Let $\mu(n)$ the Möbius function, see its definition for example from this MathWorld, and we denote with $s$ the complex variable.
I'm curious to know if some case of the series $$\sum_{n=1}^\infty\frac{(-1)^n\mu(n)}{n^s}$$ for $\Re s\geq \frac{1}{2}$, were in the literature.
I did simple experiments with Wolfram Alpha and from those my belief is that one can calculate a closed-form for the case $s=2+0\cdot i=2$, and write an identity in terms of the constant $\frac{1}{\zeta(3)}$ for the case $s=3$.

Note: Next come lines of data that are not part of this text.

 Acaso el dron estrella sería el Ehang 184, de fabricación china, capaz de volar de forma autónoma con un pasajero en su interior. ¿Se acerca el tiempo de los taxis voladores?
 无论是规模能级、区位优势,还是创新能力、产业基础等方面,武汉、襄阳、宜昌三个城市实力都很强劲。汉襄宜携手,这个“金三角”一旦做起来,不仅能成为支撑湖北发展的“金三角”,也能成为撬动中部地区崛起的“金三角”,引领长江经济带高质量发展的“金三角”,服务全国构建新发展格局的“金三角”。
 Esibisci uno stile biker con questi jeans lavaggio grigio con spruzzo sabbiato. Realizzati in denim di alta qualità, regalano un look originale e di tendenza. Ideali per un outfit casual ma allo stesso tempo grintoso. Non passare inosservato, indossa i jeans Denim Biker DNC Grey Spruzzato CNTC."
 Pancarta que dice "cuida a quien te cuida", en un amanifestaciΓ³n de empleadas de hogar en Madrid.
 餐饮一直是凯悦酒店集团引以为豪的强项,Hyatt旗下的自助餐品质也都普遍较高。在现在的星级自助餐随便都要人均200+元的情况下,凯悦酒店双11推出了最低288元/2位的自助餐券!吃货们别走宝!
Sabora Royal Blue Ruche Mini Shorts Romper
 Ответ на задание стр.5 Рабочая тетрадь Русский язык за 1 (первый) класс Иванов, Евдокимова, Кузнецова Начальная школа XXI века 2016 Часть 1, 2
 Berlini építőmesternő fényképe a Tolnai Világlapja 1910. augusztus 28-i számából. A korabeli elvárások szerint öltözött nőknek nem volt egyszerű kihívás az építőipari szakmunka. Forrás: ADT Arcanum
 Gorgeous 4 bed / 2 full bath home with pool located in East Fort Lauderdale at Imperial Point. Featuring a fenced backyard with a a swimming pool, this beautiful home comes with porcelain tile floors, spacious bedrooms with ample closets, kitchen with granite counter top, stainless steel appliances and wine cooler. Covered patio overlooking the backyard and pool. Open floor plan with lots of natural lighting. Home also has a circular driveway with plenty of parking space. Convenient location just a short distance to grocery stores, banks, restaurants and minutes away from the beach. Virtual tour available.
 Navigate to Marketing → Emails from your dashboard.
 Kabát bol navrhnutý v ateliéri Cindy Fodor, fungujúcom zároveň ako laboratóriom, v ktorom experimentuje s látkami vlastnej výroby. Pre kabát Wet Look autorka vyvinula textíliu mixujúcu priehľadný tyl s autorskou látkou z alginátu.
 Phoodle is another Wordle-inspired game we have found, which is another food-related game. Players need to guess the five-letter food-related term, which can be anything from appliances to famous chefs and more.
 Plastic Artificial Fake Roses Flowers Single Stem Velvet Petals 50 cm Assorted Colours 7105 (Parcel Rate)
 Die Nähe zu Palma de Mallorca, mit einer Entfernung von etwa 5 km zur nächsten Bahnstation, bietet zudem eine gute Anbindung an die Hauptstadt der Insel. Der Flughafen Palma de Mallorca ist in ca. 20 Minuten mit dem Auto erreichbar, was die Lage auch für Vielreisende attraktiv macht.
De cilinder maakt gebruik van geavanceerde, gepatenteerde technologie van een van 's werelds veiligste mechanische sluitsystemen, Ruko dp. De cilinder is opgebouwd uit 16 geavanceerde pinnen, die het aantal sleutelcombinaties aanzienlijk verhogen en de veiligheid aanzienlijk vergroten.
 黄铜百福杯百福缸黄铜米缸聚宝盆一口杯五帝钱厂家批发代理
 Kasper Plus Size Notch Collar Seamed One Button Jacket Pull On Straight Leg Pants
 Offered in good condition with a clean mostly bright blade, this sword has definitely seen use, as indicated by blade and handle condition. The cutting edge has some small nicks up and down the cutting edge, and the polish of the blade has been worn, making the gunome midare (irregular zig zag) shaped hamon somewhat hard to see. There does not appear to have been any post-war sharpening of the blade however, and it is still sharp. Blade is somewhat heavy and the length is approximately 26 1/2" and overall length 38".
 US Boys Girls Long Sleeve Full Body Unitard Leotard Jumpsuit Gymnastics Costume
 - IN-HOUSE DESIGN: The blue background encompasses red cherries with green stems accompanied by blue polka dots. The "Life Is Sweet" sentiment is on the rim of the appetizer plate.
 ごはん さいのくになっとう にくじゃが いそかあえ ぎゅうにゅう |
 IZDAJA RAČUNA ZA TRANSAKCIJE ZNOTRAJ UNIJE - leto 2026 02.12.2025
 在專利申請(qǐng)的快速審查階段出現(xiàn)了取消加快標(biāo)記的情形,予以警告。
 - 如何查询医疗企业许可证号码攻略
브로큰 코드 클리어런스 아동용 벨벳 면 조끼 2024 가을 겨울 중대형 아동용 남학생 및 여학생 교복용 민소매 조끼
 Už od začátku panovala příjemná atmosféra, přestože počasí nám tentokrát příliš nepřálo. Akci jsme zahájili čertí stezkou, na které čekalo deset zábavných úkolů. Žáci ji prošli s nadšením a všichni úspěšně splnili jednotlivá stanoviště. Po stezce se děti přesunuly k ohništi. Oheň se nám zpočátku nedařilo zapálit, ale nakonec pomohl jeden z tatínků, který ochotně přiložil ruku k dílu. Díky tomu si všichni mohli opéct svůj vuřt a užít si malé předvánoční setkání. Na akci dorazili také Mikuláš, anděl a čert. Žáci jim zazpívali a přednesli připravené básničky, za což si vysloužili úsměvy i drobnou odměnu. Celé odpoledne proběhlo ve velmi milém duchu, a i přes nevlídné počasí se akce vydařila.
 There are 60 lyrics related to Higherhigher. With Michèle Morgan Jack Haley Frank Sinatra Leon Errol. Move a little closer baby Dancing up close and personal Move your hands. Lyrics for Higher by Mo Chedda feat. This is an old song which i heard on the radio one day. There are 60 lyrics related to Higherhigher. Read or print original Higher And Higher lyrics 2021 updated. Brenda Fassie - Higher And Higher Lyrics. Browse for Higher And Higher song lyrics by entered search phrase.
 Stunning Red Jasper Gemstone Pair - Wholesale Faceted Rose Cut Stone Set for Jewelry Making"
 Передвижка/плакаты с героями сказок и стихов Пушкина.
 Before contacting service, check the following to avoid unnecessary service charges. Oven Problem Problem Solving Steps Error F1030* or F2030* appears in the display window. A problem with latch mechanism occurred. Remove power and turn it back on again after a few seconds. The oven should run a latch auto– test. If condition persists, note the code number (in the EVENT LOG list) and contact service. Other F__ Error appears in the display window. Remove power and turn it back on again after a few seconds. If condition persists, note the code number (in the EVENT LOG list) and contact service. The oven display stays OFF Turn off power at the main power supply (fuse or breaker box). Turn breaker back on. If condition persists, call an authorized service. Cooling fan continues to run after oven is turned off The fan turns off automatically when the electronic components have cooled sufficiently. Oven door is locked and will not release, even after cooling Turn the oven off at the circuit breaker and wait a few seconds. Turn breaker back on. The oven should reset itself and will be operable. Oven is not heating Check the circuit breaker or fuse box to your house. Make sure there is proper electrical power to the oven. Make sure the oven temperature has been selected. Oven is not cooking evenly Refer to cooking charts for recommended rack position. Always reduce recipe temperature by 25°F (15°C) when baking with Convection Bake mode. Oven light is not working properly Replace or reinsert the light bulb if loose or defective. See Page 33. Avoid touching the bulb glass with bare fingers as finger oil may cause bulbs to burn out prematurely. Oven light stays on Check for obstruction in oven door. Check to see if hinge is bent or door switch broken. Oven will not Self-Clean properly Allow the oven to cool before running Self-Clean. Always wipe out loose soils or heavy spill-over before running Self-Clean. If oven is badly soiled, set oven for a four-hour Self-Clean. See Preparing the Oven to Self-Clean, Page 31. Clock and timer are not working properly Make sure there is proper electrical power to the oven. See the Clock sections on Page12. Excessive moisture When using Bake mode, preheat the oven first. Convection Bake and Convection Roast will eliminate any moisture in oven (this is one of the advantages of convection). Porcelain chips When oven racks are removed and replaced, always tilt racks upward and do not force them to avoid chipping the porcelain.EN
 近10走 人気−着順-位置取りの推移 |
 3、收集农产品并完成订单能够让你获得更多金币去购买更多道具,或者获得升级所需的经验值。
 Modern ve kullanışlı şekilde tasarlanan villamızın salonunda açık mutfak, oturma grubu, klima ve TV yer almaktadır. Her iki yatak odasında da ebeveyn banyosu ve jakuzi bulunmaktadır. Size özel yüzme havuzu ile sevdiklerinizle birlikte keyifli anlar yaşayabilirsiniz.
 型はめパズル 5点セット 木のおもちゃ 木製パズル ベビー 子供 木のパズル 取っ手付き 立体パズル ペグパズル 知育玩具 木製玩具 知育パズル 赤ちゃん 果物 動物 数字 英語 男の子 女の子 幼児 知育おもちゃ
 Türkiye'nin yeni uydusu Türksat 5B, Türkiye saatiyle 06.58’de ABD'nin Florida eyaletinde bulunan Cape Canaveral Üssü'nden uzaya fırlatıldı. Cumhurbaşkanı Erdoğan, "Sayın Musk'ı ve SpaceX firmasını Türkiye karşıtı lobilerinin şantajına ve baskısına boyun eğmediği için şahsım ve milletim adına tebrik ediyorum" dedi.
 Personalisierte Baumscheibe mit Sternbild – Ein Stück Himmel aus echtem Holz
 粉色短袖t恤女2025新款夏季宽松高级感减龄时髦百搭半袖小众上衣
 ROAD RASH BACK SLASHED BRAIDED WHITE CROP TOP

Question. Was in the literature the formal series (or complex function defined on a domain of the complex plane) $$\sum_{n=1}^\infty\frac{(-1)^n\mu(n)}{n^s}\,?\tag{1}$$ Then refer the literature and I try to find and read those known facts about the complex function $(1)$. Many thanks.
Assume for a moment that $\operatorname{Re}(s) > 1$. Then using the fact that $\mu$ is multiplicative, we have
$$ \sum_{n\text{ even}} \frac{\mu(n)}{n^s} = \sum_{k=1}^{\infty} \frac{\mu(2k)}{(2k)^s} = - \frac{1}{2^s} \sum_{k\text{ odd}} \frac{\mu(k)}{k^s}. $$
So if we write $D(s) = \sum_{k\text{ odd}} \frac{\mu(k)}{k^s}$, then
$$ \frac{1}{\zeta(s)} = \sum_{n=1}^{\infty} \frac{\mu(n)}{n^s} = (1 - 2^{-s})D(s) $$
and hence
\begin{align*} \sum_{n=1}^{\infty} \frac{(-1)^n \mu(n)}{n^s} &= \sum_{n\text{ even}} \frac{\mu(n)}{n^s} - \sum_{n\text{ odd}} \frac{\mu(n)}{n^s} \\ &= -(1+2^{-s})D(s) = - \frac{2^s+1}{2^s-1} \cdot \frac{1}{\zeta(s)}. \end{align*}